→ Brief: Exact reproduction of the listing is required. Pictures are not reproduced.

→ Information supplied:

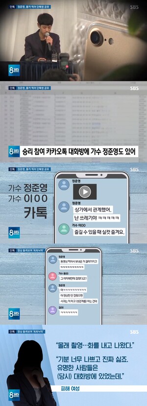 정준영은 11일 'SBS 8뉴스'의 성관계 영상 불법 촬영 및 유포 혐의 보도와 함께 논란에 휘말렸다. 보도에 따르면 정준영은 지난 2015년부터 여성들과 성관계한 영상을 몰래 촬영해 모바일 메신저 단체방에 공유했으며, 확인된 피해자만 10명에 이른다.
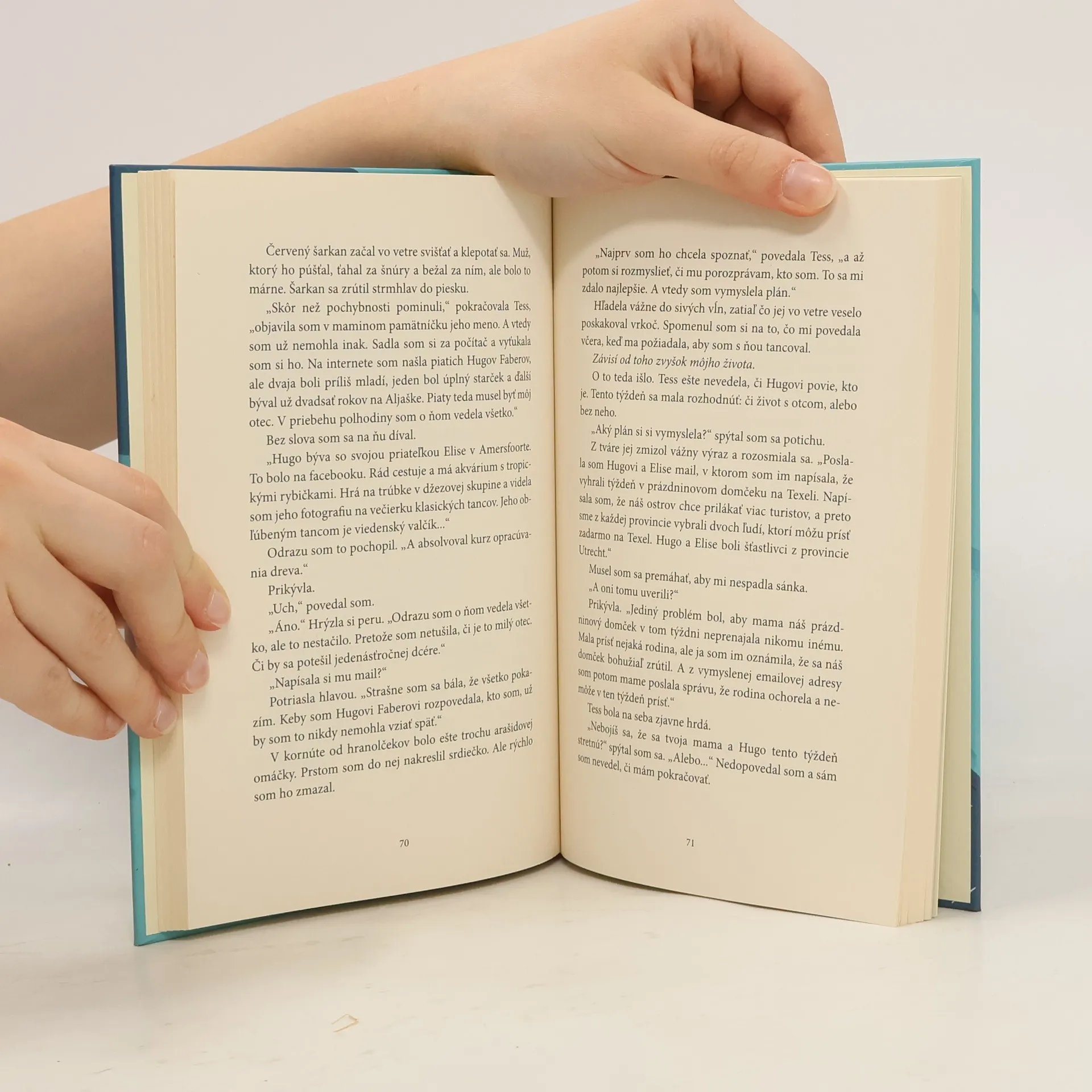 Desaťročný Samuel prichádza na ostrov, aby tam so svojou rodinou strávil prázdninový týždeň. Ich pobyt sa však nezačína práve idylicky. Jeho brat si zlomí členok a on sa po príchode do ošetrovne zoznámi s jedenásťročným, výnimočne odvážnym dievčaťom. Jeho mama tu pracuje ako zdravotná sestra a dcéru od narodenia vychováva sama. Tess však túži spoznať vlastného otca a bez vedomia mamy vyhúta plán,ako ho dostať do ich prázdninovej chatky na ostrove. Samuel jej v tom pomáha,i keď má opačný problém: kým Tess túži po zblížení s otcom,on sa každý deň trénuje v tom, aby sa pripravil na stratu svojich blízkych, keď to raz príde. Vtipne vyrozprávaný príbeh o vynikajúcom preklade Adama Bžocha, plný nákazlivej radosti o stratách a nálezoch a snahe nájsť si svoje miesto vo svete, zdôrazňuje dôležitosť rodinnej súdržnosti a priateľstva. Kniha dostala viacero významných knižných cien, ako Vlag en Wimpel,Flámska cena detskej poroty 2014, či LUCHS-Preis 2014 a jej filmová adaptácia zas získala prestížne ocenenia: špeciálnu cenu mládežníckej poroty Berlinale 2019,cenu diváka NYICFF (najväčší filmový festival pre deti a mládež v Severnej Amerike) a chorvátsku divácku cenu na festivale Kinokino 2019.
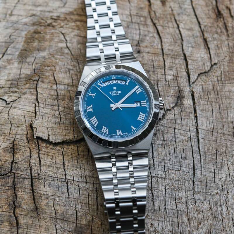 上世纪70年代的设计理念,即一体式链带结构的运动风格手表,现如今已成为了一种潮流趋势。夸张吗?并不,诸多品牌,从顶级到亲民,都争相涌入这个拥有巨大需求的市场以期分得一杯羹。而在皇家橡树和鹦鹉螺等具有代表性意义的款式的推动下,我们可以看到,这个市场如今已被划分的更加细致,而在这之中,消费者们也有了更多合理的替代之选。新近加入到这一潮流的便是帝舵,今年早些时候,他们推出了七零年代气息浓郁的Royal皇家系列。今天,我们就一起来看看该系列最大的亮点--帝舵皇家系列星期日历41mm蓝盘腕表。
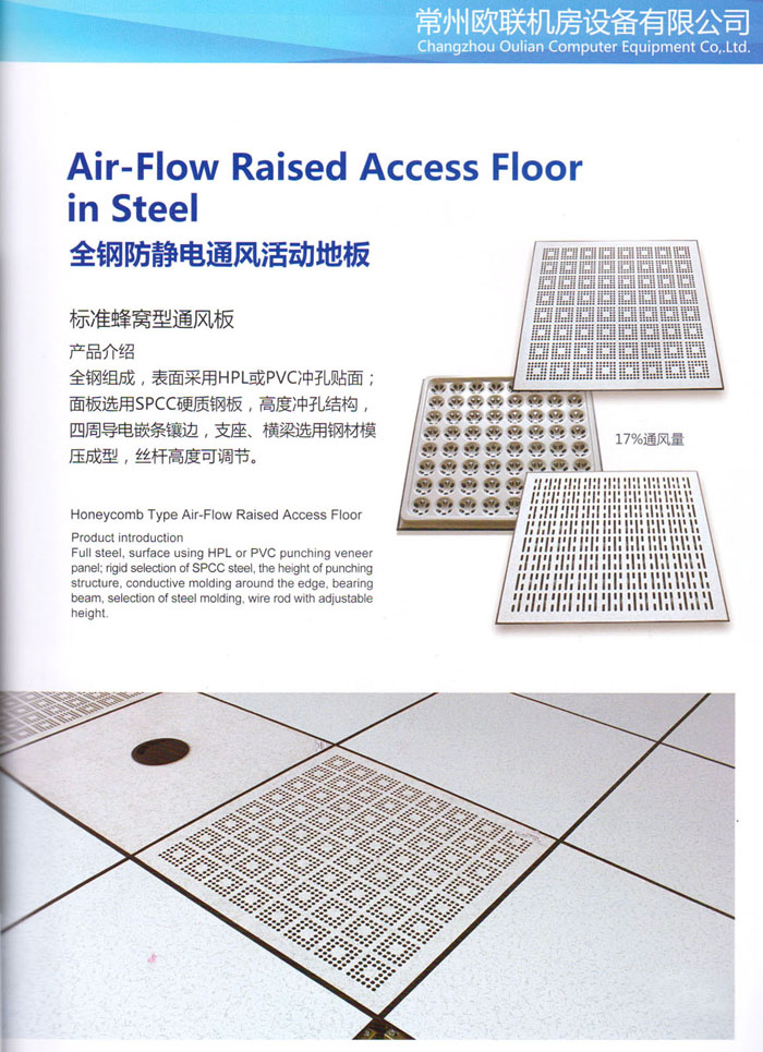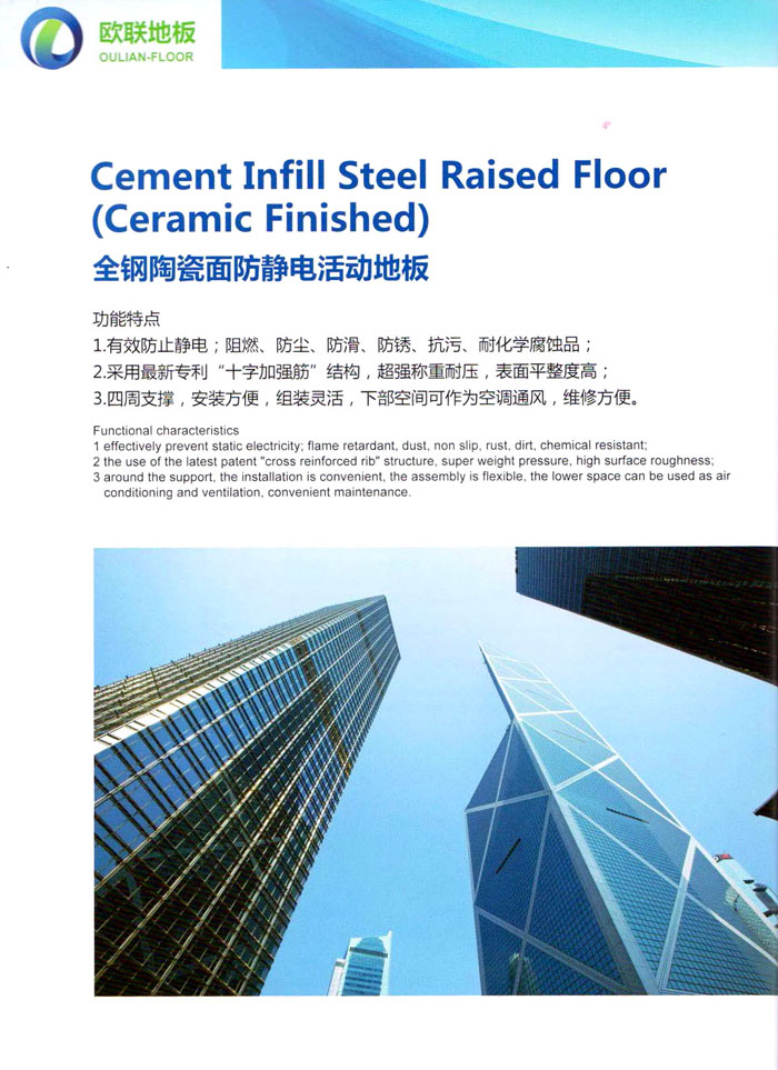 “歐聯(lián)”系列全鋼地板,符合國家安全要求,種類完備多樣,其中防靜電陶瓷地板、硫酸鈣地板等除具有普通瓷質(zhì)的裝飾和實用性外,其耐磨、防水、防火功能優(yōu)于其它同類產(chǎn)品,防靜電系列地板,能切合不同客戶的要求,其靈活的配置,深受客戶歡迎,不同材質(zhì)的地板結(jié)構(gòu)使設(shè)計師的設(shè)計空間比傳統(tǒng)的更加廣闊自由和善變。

→ Answer to this task:
 정준영은 11일 'SBS 8뉴스'의 성관계 영상 불법 촬영 및 유포 혐의 보도와 함께 논란에 휘말렸다. 보도에 따르면 정준영은 지난 2015년부터 여성들과 성관계한 영상을 몰래 촬영해 모바일 메신저 단체방에 공유했으며, 확인된 피해자만 10명에 이른다.
 Desaťročný Samuel prichádza na ostrov, aby tam so svojou rodinou strávil prázdninový týždeň. Ich pobyt sa však nezačína práve idylicky. Jeho brat si zlomí členok a on sa po príchode do ošetrovne zoznámi s jedenásťročným, výnimočne odvážnym dievčaťom. Jeho mama tu pracuje ako zdravotná sestra a dcéru od narodenia vychováva sama. Tess však túži spoznať vlastného otca a bez vedomia mamy vyhúta plán,ako ho dostať do ich prázdninovej chatky na ostrove. Samuel jej v tom pomáha,i keď má opačný problém: kým Tess túži po zblížení s otcom,on sa každý deň trénuje v tom, aby sa pripravil na stratu svojich blízkych, keď to raz príde. Vtipne vyrozprávaný príbeh o vynikajúcom preklade Adama Bžocha, plný nákazlivej radosti o stratách a nálezoch a snahe nájsť si svoje miesto vo svete, zdôrazňuje dôležitosť rodinnej súdržnosti a priateľstva. Kniha dostala viacero významných knižných cien, ako Vlag en Wimpel,Flámska cena detskej poroty 2014, či LUCHS-Preis 2014 a jej filmová adaptácia zas získala prestížne ocenenia: špeciálnu cenu mládežníckej poroty Berlinale 2019,cenu diváka NYICFF (najväčší filmový festival pre deti a mládež v Severnej Amerike) a chorvátsku divácku cenu na festivale Kinokino 2019.
 上世纪70年代的设计理念,即一体式链带结构的运动风格手表,现如今已成为了一种潮流趋势。夸张吗?并不,诸多品牌,从顶级到亲民,都争相涌入这个拥有巨大需求的市场以期分得一杯羹。而在皇家橡树和鹦鹉螺等具有代表性意义的款式的推动下,我们可以看到,这个市场如今已被划分的更加细致,而在这之中,消费者们也有了更多合理的替代之选。新近加入到这一潮流的便是帝舵,今年早些时候,他们推出了七零年代气息浓郁的Royal皇家系列。今天,我们就一起来看看该系列最大的亮点--帝舵皇家系列星期日历41mm蓝盘腕表。
 “歐聯(lián)”系列全鋼地板,符合國家安全要求,種類完備多樣,其中防靜電陶瓷地板、硫酸鈣地板等除具有普通瓷質(zhì)的裝飾和實用性外,其耐磨、防水、防火功能優(yōu)于其它同類產(chǎn)品,防靜電系列地板,能切合不同客戶的要求,其靈活的配置,深受客戶歡迎,不同材質(zhì)的地板結(jié)構(gòu)使設(shè)計師的設(shè)計空間比傳統(tǒng)的更加廣闊自由和善變。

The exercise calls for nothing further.